Reinforcement Learning (10): Offline Reinforcement Learning

Every algorithm we’ve studied so far has the same core loop: act, observe, update. This loop makes RL work, but it also prevents RL from being deployed. A self-driving system can’t practice intersections by crashing.
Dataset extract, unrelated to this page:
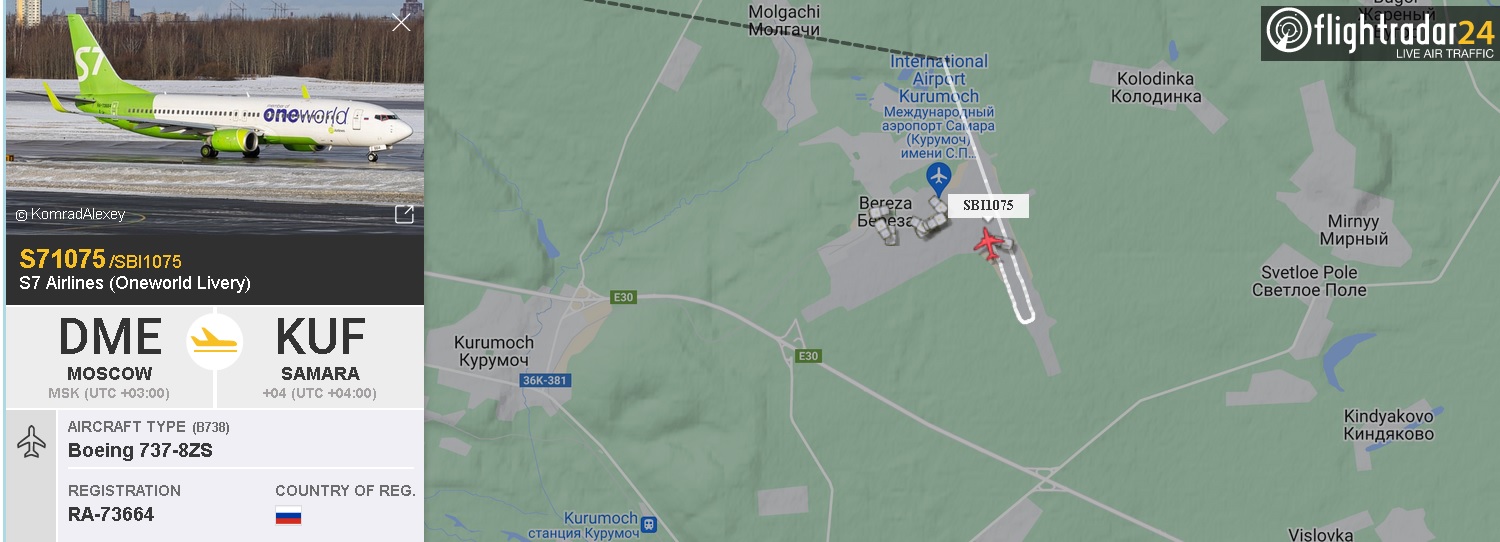 По информации портала «flightradar24», в Самару в 17:00 прилетел самолет из Москвы авиакомпании «S7».

A clinical decision-support model can’t run a randomized policy on real patients. A factory robot can’t test ten thousand grasp variants on a production line.

These settings do have logs — millions of hours of human driving, decades of de-identified patient records, and terabytes of behavior cloning data. Offline RL (also called batch RL) is the subfield that asks: can we extract a strong policy from a fixed dataset without any new interaction with the environment?

The answer is “yes, but only if we are very careful.” The reason for this caveat is the central theme of this post: distributional shift between the behavior policy that generated the data and the learned policy that aims to improve on it.

What You Will Learn#

Why naive off-policy RL fails offline: extrapolation error, value overestimation, and the death spiral.
CQL (Conservative Q-Learning): a pessimistic regularizer that lower-bounds the true value.
BCQ (Batch-Constrained Q-Learning): generative action proposals that stay inside the data manifold.
IQL (Implicit Q-Learning): expectile regression that approximates max without ever querying OOD actions.
Decision Transformer: reframing RL as conditional sequence modeling on returns-to-go.
D4RL benchmark numbers so you know which algorithm to reach for first.
A complete, runnable CQL implementation in PyTorch.

Prerequisites#

Q-learning, target networks, and actor-critic (Parts 2 -6 ).
Comfort with the Bellman optimality operator and importance sampling.
PyTorch and the Gym/Gymnasium API.

Why Offline RL Is Genuinely Hard#

Online vs offline RL: the missing feedback loop

In online RL the policy and the data distribution are coupled. As soon as the policy starts overestimating some action, the next rollout puts it under the microscope and the Bellman update corrects it. In offline RL the dataset is frozen. There is no second chance: any error the model makes about an unseen action will sit in the Q-table forever, and the argmax operator will happily exploit it.

Distributional Shift#

d_{\pi_\theta}(s,a)\neq d_{\pi_\beta}(s,a).

This becomes a problem the moment $\pi_\theta$ wants to take an action $$a$$ for which $\pi_\beta(a\mid s)\approx 0$ . The Q-network has never seen a target for that action; whatever value it returns is pure extrapolation from a neural net that has been trained to fit a completely different region of the input space.

Extrapolation Error and the Death Spiral#

Distribution shift produces over-optimistic Q-values on OOD actions

Q(s,a)\leftarrow r + \gamma\,\max_{a'}Q(s',a').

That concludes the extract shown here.